We ended up in the bathroom. Her back pressed to the wall, my hands bruising her hips. She moaned, loud and desperate. I gripped her waist tighter, fingers digging in. The way she writhed under me should have made me feel something. It didn’t. She was just a hole to fill, a body to get lost in.

The girl clawed at my ass, begging. “Harder,” she gasped.

I gave it to her. Used her, slammed in like violence was all I had to give. She took it, loved it, legs wrapped around me like she wanted to be broken.

But underneath it, the memories curdled and boiled. Blake’s face when the knife slit skin. The blood. The copper. Amelia’s voice, begging for something I never learned how to give.

The girl came, loud and shaky, nails raking my neck. I didn’t even slow down.

I kept fucking her, desperate, until I felt it break loose in my spine. Heat and hunger and the sickness that always led back to Amelia.

I buried my face in her shoulder as I came.

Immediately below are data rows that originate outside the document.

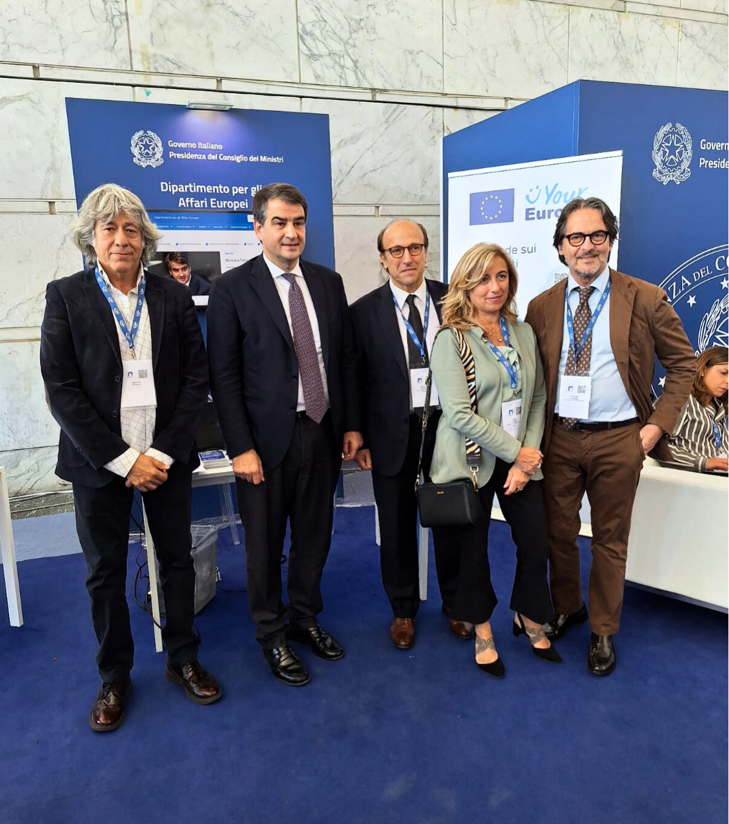 Prima del suo intervento, il Ministro Fitto ha visitato lo stand espositivo del Dipartimento per gli Affari Europei.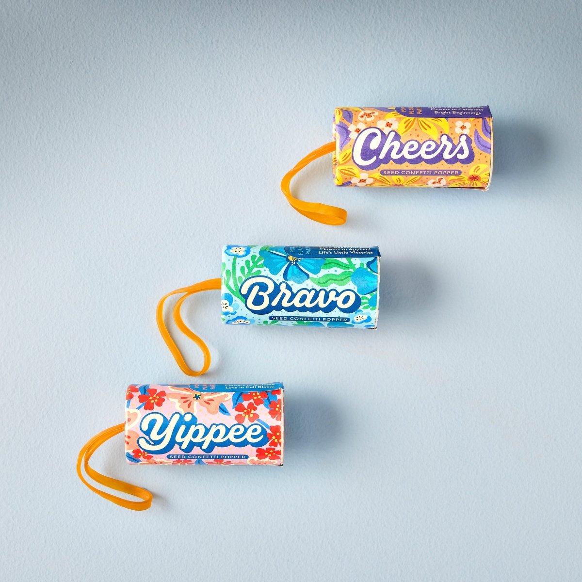 Each popper variety contains a specific flower seed combination designed for different occasions: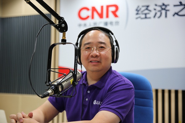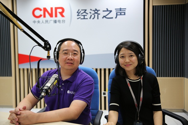APUS創(chuàng)始人、CEO李濤和經(jīng)濟之聲節(jié)目主持人梁婧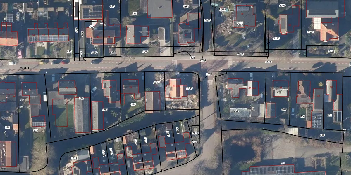 Het perceel waarop Horn 38 staat heeft een oppervlakte van 411 m². Dit is een groot perceel. De perceeloppervlakte wordt geregistreerd door het Kadaster. Gedetailleerde informatie over de maten van dit perceel kunt u vinden in het rapport Kadastrale kaart met maatvoering van Horn 38.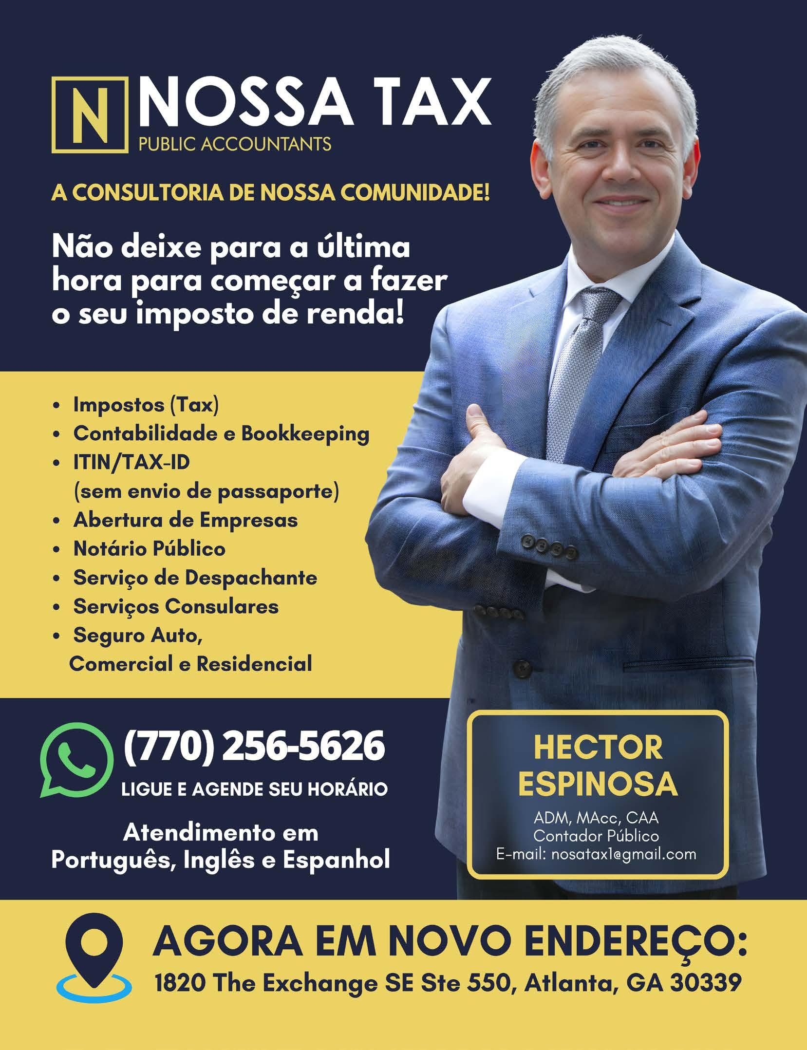 NOSA TAX | PUBLIC ACCOUNTANT - C.P. Hector Espinosa • Falamos Português. Não deixe para a Ultima hora para começar a fazer o seu imposto de renda! 1900 The Exchange SE Ste 430, Atlanta, GA 30339 .................... (770) 256-5626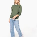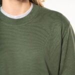 80% coton / 20% polyester. Coton peigné. Molleton gratté. Manches montées. Finition bord-côte encolure, bas de manches et de vêtement.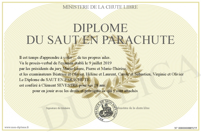 Envoyez par email votre Diplôme du SAUT EN PARACHUTE personalisé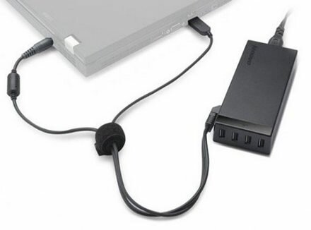 The Lenovo 65W AC Adapter with USB Hub combines an AC adapter with a USB hub for your peripherals. This device has three USB ports for data transfer and charging capability, while a fourth dedicated power port charges devices, such as many mobile phones.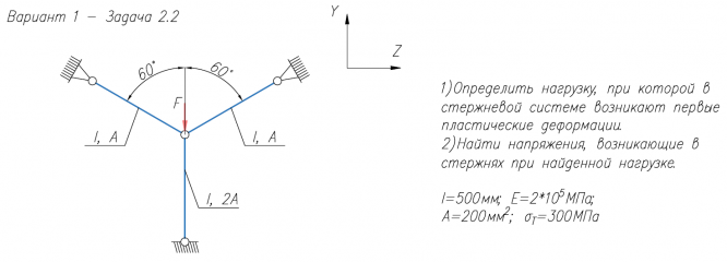 1)Определить нагрузку, при которой в стержневой системе возникают первые пластические деформации. 2)Найти напряжения, возникающие в стержнях при найденной нагрузке. l=500мм; E=2*105/МПа; A=200мм2/; σ/Т=300МПа .
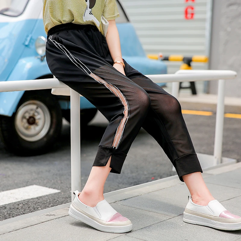 Buy Online Summer Women Yoga Pants Black Loose Fitness Sport Leggings Slim Thin Wide Leg Haren Pants Mesh Chiffon Bloomers Running Trousers For Sale at AliExpress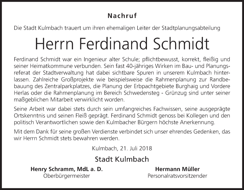 Hier finden Sie alle Traueranzeigen aus der Zeitung, die bisher für Ferdinand Schmidt erschienen sind. Weitere Traueranzeigen, die in der Zeitung erscheinen, werden hier ebenfalls aufgelistet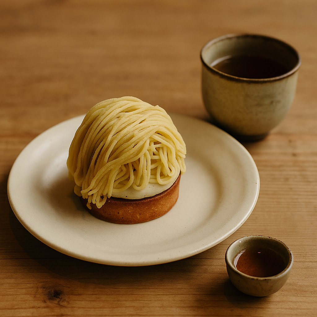 お芋のモンブランと、添えられてたほうじ茶の小さな湯呑み🍠🍵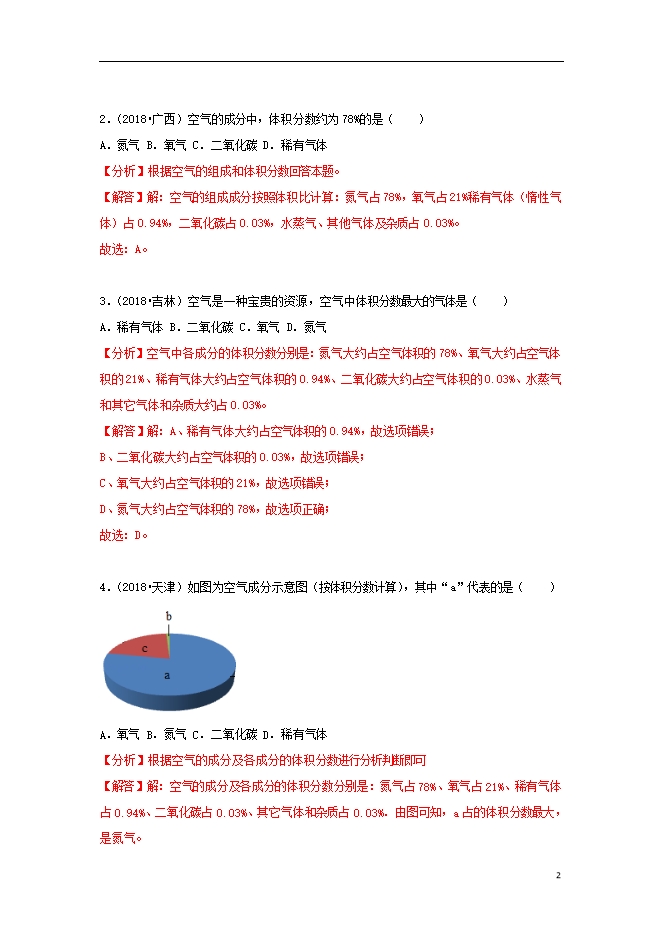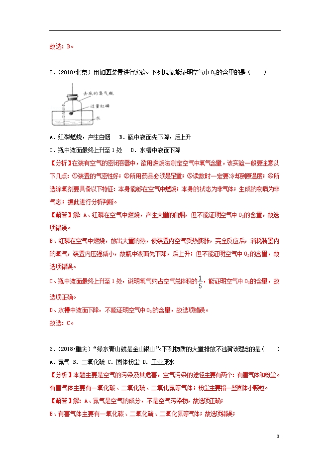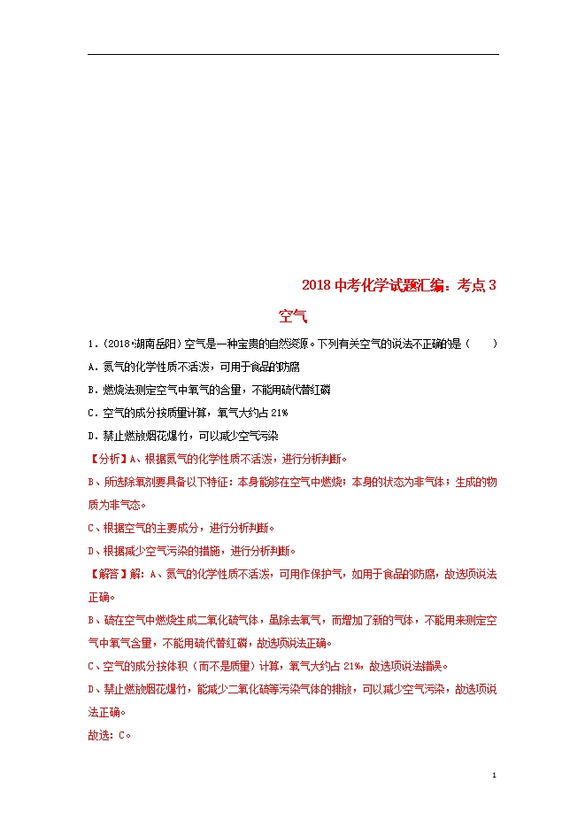 2018中考化学试题汇编(一)考点3空气(含解析)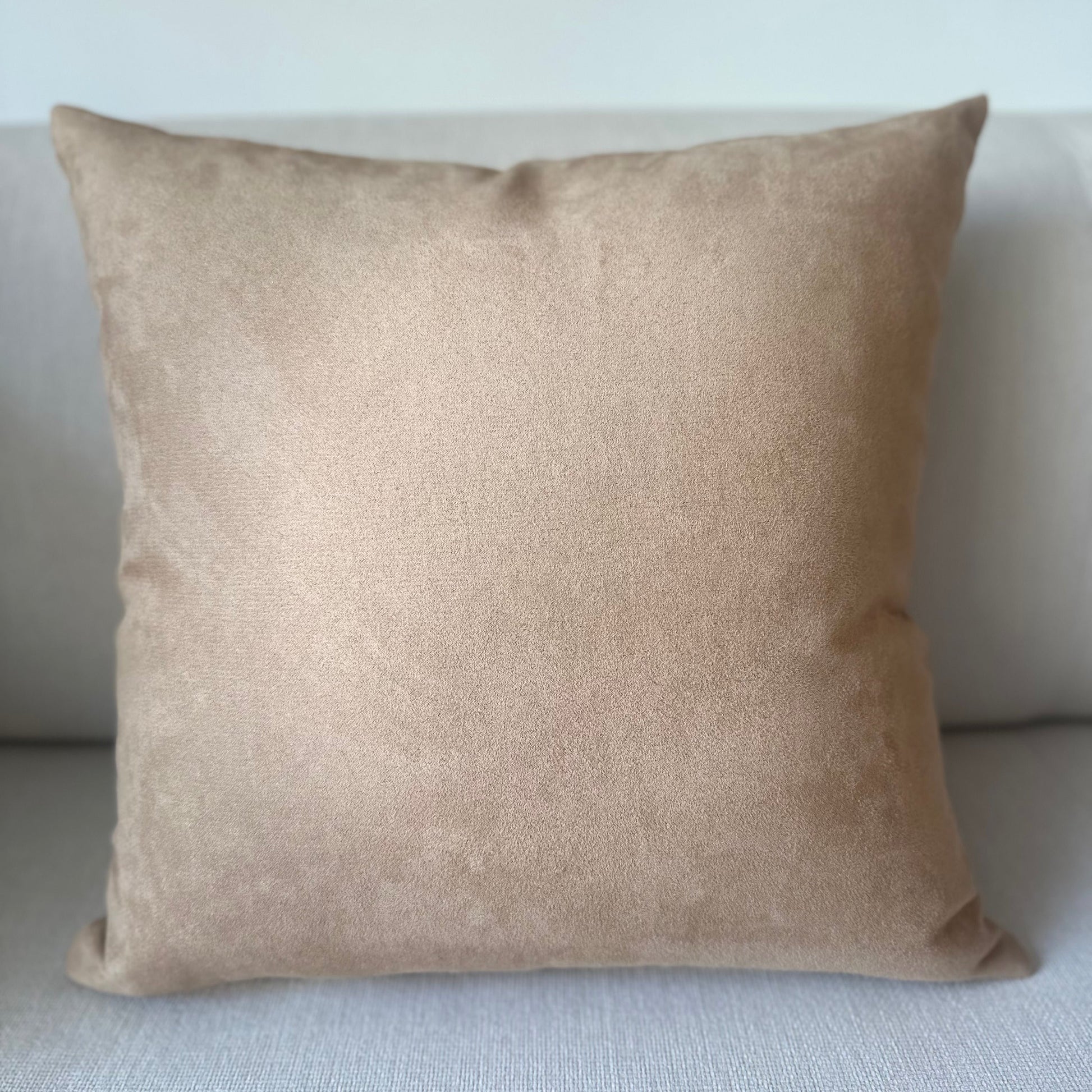 Cojín hecho en tela color camel claro efecto ante. Relleno incluido
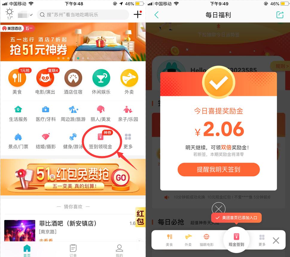 打开美团首页,找到签到领现金-点进去签到-亲测2元红包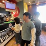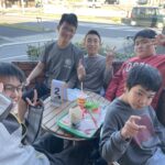 商品を受けると皆外のテラス席に座って、楽しく会話しながら食べました。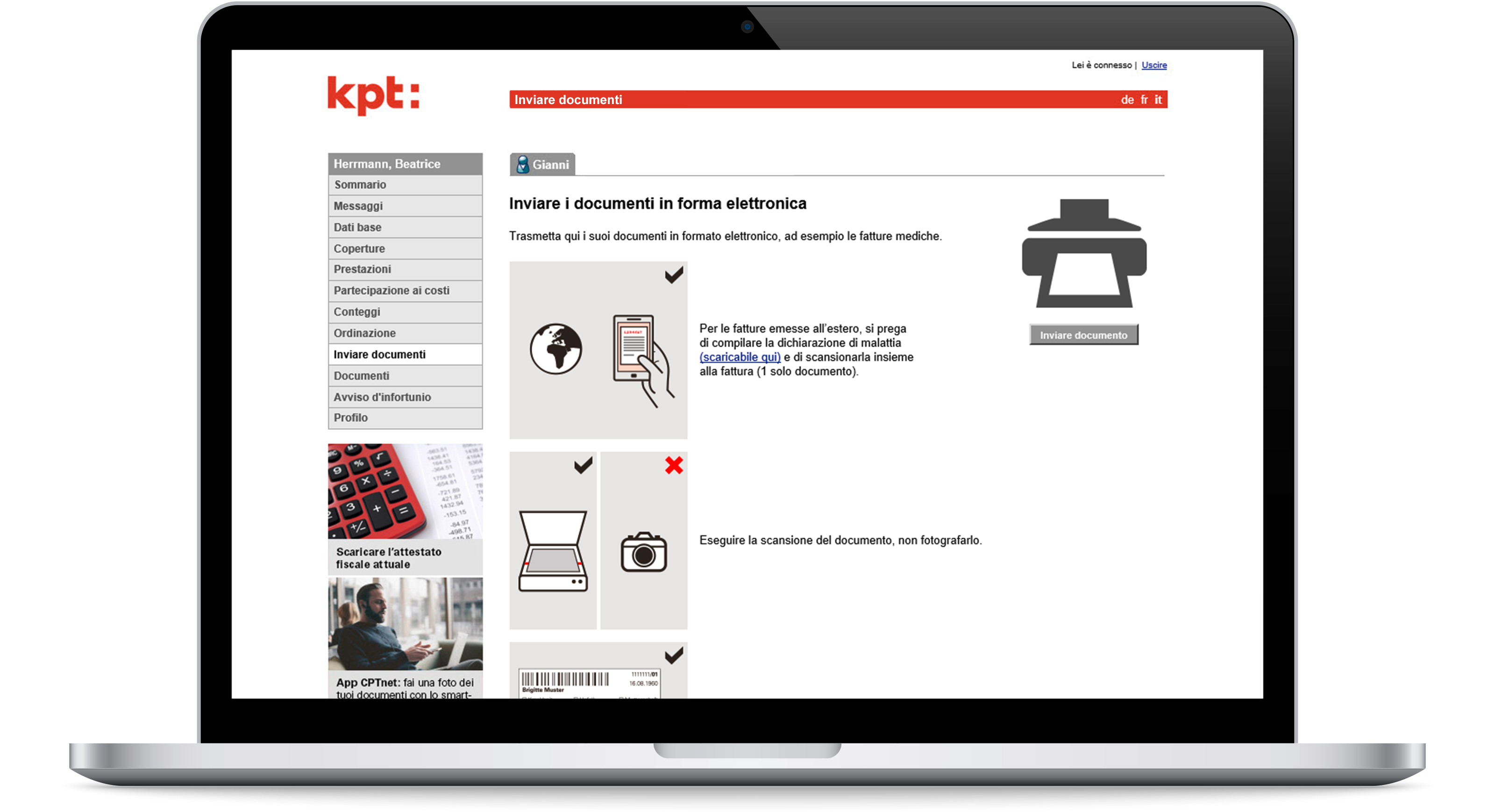 Avete uno scanner e usate il nostro portale clienti KPTnet? Allora scegliete l’invio online, rapido e semplicissimo, di documenti come fatture, giustificativi dei rimborsi, trasferimenti ecc.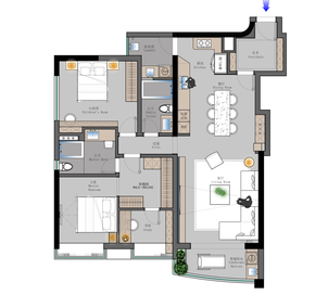 原來獨立的三房改成主臥大套房和小孩房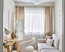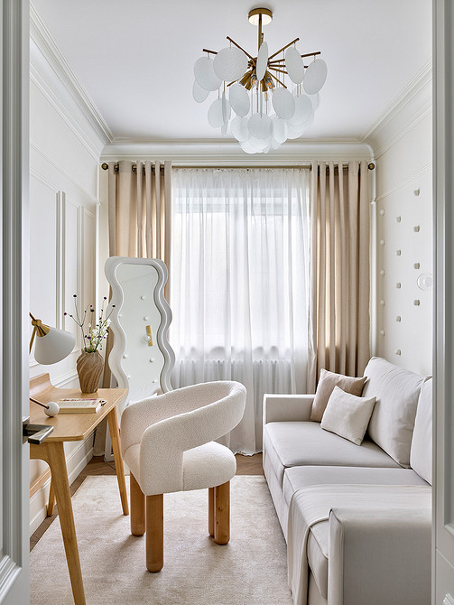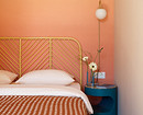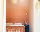 Квартира по проекту Анастасии Заркуа предназначена для сдачи в аренду. Однако это не стало препятствием для заказчицы пригласить дизайнера и создать качественный, стильный и запоминающийся интерьер. Пространство оформлено в теплых тонах. В зоне спальни, которая отделена от гостиной только шторой, сделан акцент в виде окрашенной стены. Однако покраска необычная: не в один тон, а в технике градиент. Снизу приглушенный оранжевый переходит в светлый почти бежевый. И даже потолок в спальне не белый, а в цвет остальных стен, чтобы не создавать резкого контраста, а подчеркнуть эффект уютной шкатулки.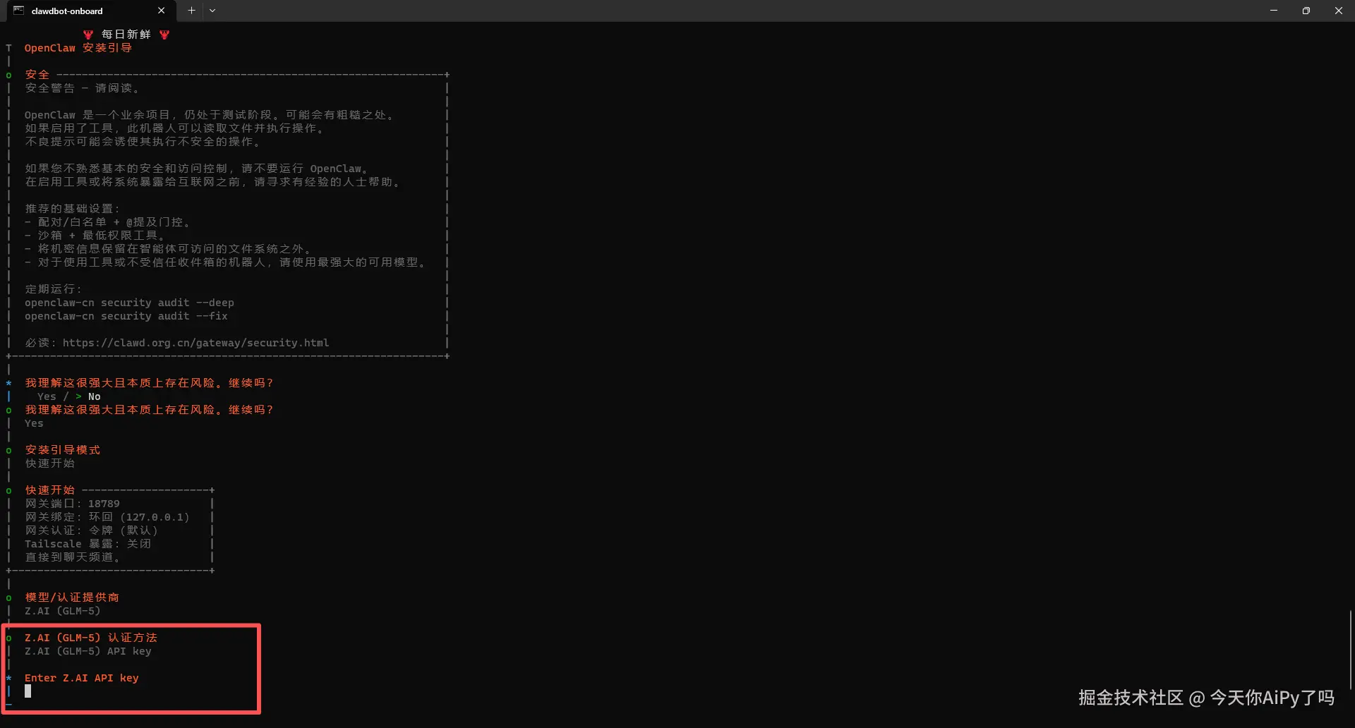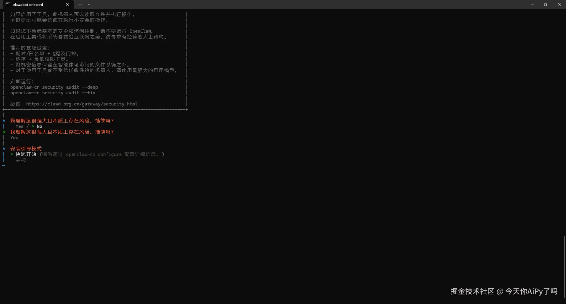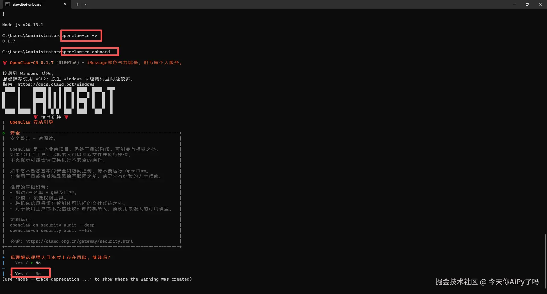 安装完当然要继续配置啦!按照 AiPy 的提示,进入终端(win+R cmd),输入openclaw-cn -v,能查看版本号,就说明安装成功了,然后输入openclaw-cn onboard 进入部署,通过键盘的左右键选择yes+Enter

I hated her. I needed her. I wanted to drag her from my mind and fuck her for real, watch her fall apart for me, because she was always the one, always the only one that mattered.

The girl sagged against me, panting. “That was…fuck. Wow.”

I didn’t answer. Pulled out, zipped up, washed my hands in scalding water until my skin burned.

I left her. Went back to my table and poured another drink. Let the taste of sex and memory and guilt rot me from the inside out.

But nothing numbed it. Not the girl. Not the booze. Not the violence echoing in my bones.

All I could see was Amelia. Amelia in the cage, Amelia on her knees, Amelia’s voice torn, crying my name.

Fuck. She was in my blood. A poison I couldn’t sweat out.

I sat there for hours, staring into the bottom of my glass. Watched the world go on around me. Music, laughter, bodies smashing together.

But I was alone. I’d never been lonelier. She was gone, and I was still starving. And I’d do it all again, just to feel the scrape of her soul against mine one more time.

No escape. No cure. Just the ache, twisting deeper, meaner, sweeter, every single night.

Amelia, Amelia, Amelia.

And I wanted her so bad it fucking ruined me.